Wednesday, September 14, 2016

Why white, college-educated voters don't understand the 2016 election

I'm going to posit a radical suggestion, building off my previous post about the effects of modern media, and factoring in my own observations.

As a white dude with a college degree who's fully immersed in the world of social media, I'm going to suggest that we white folk with college degrees are totally out of touch with the majority of the United States.

Most of you are probably with me so far, after all acknowledging "white privilege" and being out of touch with the experience of people of color within the country is a pretty popular thing to do these days. Now I'm going to clarify and go a step further, I think we white folk with college degrees are also largely out of touch with white people who don't have a college degree.

This is pretty popular as well, the one group that modern political correctness allows bigotry towards is working class white people. Many people in my sphere of the world (college-educated white folk who love to express opinions on social media) would be proud to be disassociated with their working class cousins who hold "deplorable" views.

But here's the ramification of that, it means that people in my sphere do not understand what is happening in the 2016 election or the reality of how politics in the United States are shifting in a permanent way.

Let's start with this handy chart, which I believe is going to shock the vast majority of fellow college-educated white people who see it:


There is so much here that stands in stark contrast to the prevailing narratives about elections these days. One thing that I think will surprise a lot of people is that Romney won college-educated white voters and they were his primary base of support. While Republicans count on working-class whites to win states in the South (and there Romney won their support), northern working class whites saw him as an aloof, elitist that wouldn't look out for their interests. So he failed to win important battleground states like Ohio or anywhere else in the Rust Belt. Nor did he win Florida, which is only partly a Southern state.

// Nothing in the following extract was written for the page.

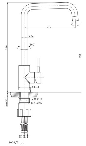 Смеситель для кухни Raiber Graceful RPB-013 чёрный матовый
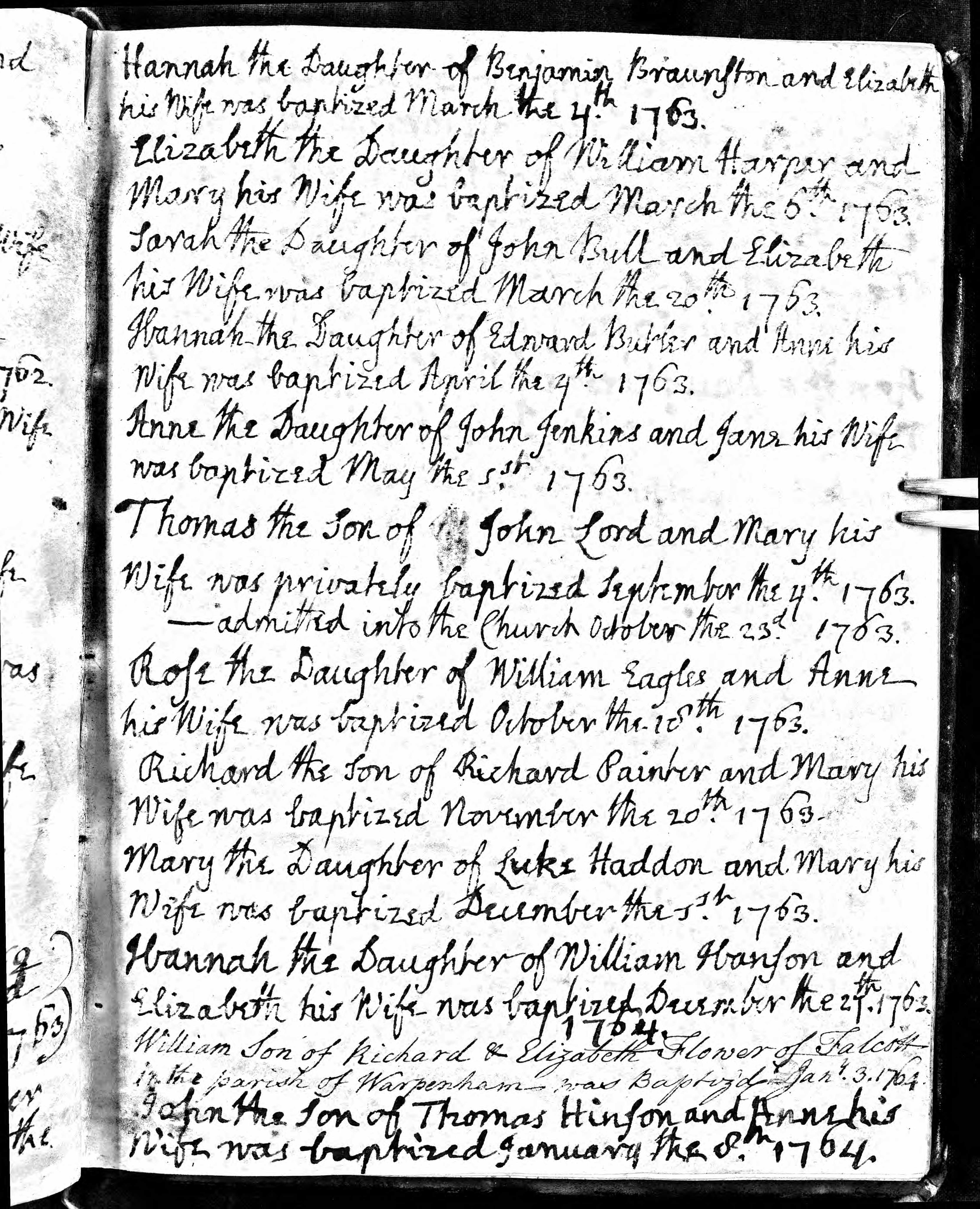 Parish Registers of St. Mary Magdalene, Helmdon, Northamptonshire; Baptism entry for John Hinson, 8 Jan 1764.

Another fact here that will probably shock people is that the white working class people largely seen as being racist and stupid were the biggest part of the Obama coalition. Yes Obama did exceptionally well with people of color and won minority groups by massive margins, yes Obama was able to drive exceptional turnout from his fellow black Americans. However, without that positive margin with working class white voters, he loses.

This also gives lie to the notion that the key to Republican victory in the future is to try and take support away from the Democrats by picking off minority voters through measures like increased immigration or amnesty for illegal immigrants from Mexico. Math should make it obvious how disastrous that would be for the GOP as they would be increasing the size of a group that's heavily predisposed to vote against their policies.

As I've been noting, the obvious path to victory for Republicans is to consolidate support from white voters by being a party that looks out for white, working class people. That used to be how Democrats saw the path to winning elections in the pre-Obama era, it's how they won in the Obama era, and it's what Trump is doing right now with measures like this.

Now thus far Trump has been winning working class white voters by massive margins (as many as 65%!) while Clinton has been flipping around college-educated whites and is on pace to win more of them than Romney did...which makes for a pretty even race with Clinton ahead thanks to massive margins with minority voters.

Of course now that Clinton's health has officially been made a significant part of the campaign there's a chance that she'll lose some of that margin with college-educated voters, perhaps with some of the Romney folk joining with Trump, or perhaps she'll just fail to get the kind of minority turnout to make her margins there strong enough to win.

But many of us white, college-educated voters would never even began to guess that any of this could be the case from our social media timelines. You see, social media teaches us that the world is all about me, but in reality it's not.